Information Start Marker

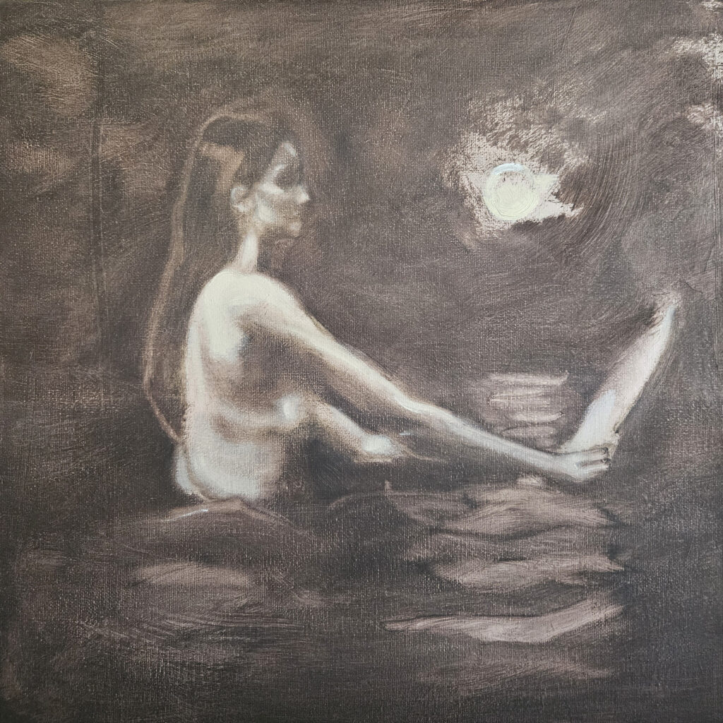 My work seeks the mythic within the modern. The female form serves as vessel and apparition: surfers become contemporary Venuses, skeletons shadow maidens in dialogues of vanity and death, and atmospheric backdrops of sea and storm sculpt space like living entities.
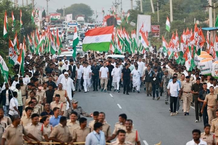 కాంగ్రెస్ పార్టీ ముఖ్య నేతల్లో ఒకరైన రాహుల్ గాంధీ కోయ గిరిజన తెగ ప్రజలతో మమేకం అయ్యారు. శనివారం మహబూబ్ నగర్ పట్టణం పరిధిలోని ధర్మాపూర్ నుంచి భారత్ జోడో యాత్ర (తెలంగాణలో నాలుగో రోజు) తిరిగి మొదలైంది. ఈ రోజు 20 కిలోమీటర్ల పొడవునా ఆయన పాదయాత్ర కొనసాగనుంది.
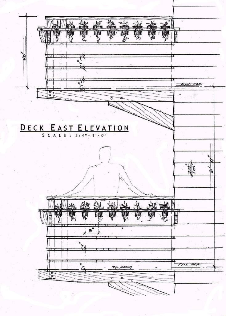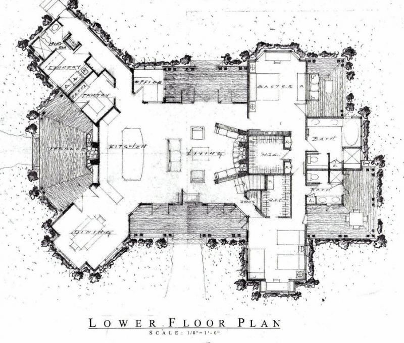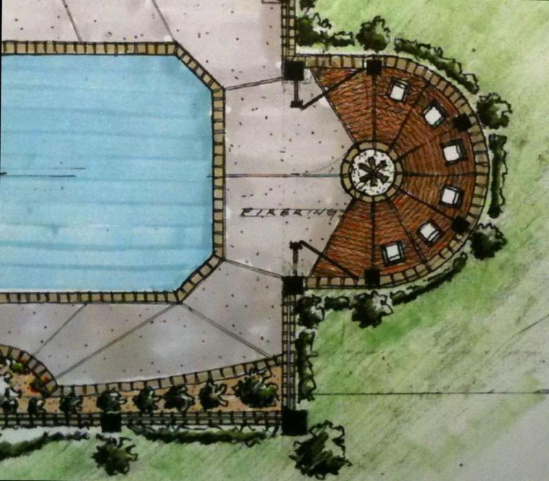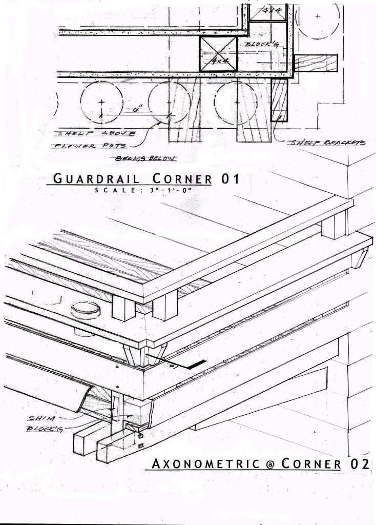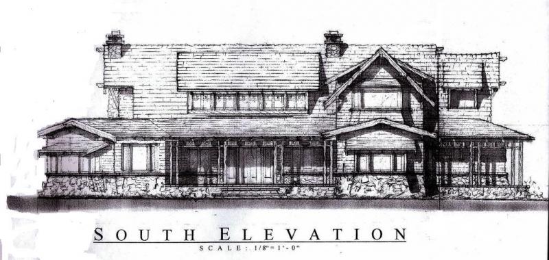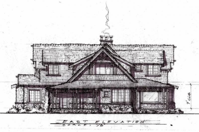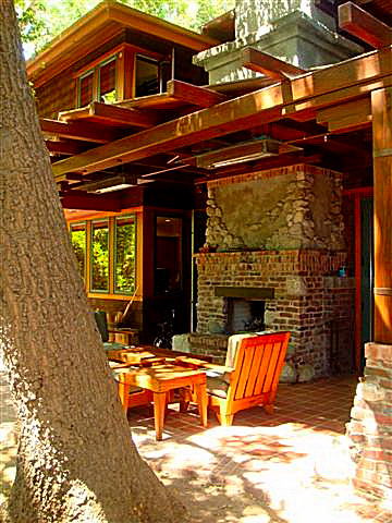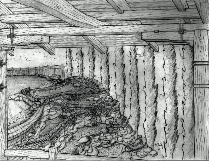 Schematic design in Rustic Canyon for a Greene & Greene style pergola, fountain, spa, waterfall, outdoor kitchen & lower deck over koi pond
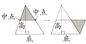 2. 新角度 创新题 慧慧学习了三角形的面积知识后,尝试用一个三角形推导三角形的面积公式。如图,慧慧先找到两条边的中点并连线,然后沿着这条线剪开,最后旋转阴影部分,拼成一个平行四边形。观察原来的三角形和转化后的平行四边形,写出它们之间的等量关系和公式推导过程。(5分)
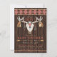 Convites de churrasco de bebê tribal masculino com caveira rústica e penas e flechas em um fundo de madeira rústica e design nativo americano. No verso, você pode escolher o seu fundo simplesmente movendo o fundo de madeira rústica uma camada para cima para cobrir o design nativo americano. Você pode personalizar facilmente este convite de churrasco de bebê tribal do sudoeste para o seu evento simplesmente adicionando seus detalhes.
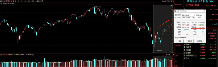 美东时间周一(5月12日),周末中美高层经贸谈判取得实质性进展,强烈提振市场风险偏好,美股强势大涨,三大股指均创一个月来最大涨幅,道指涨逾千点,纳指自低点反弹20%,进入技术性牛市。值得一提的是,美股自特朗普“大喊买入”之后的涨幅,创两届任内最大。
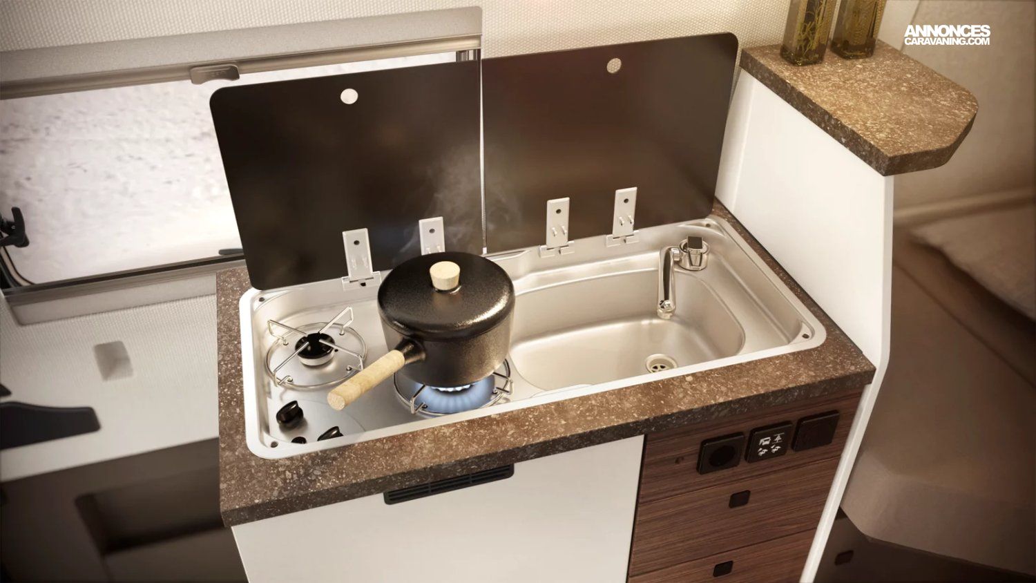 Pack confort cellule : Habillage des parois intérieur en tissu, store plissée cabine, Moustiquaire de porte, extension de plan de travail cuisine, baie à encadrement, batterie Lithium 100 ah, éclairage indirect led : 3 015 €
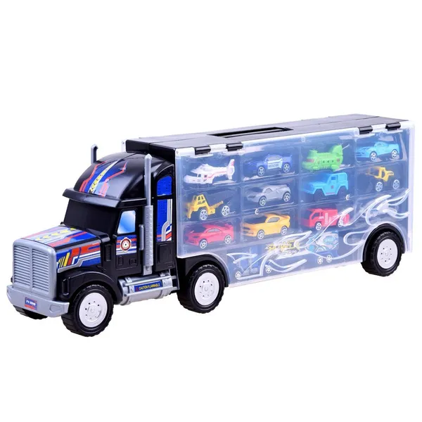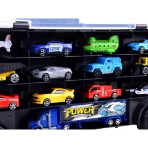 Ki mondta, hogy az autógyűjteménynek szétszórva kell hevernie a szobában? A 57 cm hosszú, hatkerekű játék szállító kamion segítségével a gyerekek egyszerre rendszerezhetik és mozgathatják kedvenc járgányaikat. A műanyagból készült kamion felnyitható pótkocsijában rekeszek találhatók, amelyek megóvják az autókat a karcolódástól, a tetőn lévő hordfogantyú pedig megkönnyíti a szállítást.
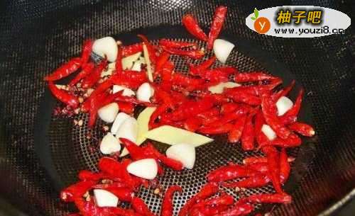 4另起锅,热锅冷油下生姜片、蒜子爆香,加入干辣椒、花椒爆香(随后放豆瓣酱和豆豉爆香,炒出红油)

Information End Marker

**Activity**
Could you repeat, exactly and with nothing else, the lines from the one containing "Convites de churrasco" through the last line of the records above, leaving out the pictures?

**Answer section**
 Convites de churrasco de bebê tribal masculino com caveira rústica e penas e flechas em um fundo de madeira rústica e design nativo americano. No verso, você pode escolher o seu fundo simplesmente movendo o fundo de madeira rústica uma camada para cima para cobrir o design nativo americano. Você pode personalizar facilmente este convite de churrasco de bebê tribal do sudoeste para o seu evento simplesmente adicionando seus detalhes.
 美东时间周一(5月12日),周末中美高层经贸谈判取得实质性进展,强烈提振市场风险偏好,美股强势大涨,三大股指均创一个月来最大涨幅,道指涨逾千点,纳指自低点反弹20%,进入技术性牛市。值得一提的是,美股自特朗普“大喊买入”之后的涨幅,创两届任内最大。
 Pack confort cellule : Habillage des parois intérieur en tissu, store plissée cabine, Moustiquaire de porte, extension de plan de travail cuisine, baie à encadrement, batterie Lithium 100 ah, éclairage indirect led : 3 015 €
 Ki mondta, hogy az autógyűjteménynek szétszórva kell hevernie a szobában? A 57 cm hosszú, hatkerekű játék szállító kamion segítségével a gyerekek egyszerre rendszerezhetik és mozgathatják kedvenc járgányaikat. A műanyagból készült kamion felnyitható pótkocsijában rekeszek találhatók, amelyek megóvják az autókat a karcolódástól, a tetőn lévő hordfogantyú pedig megkönnyíti a szállítást.
 4另起锅,热锅冷油下生姜片、蒜子爆香,加入干辣椒、花椒爆香(随后放豆瓣酱和豆豉爆香,炒出红油)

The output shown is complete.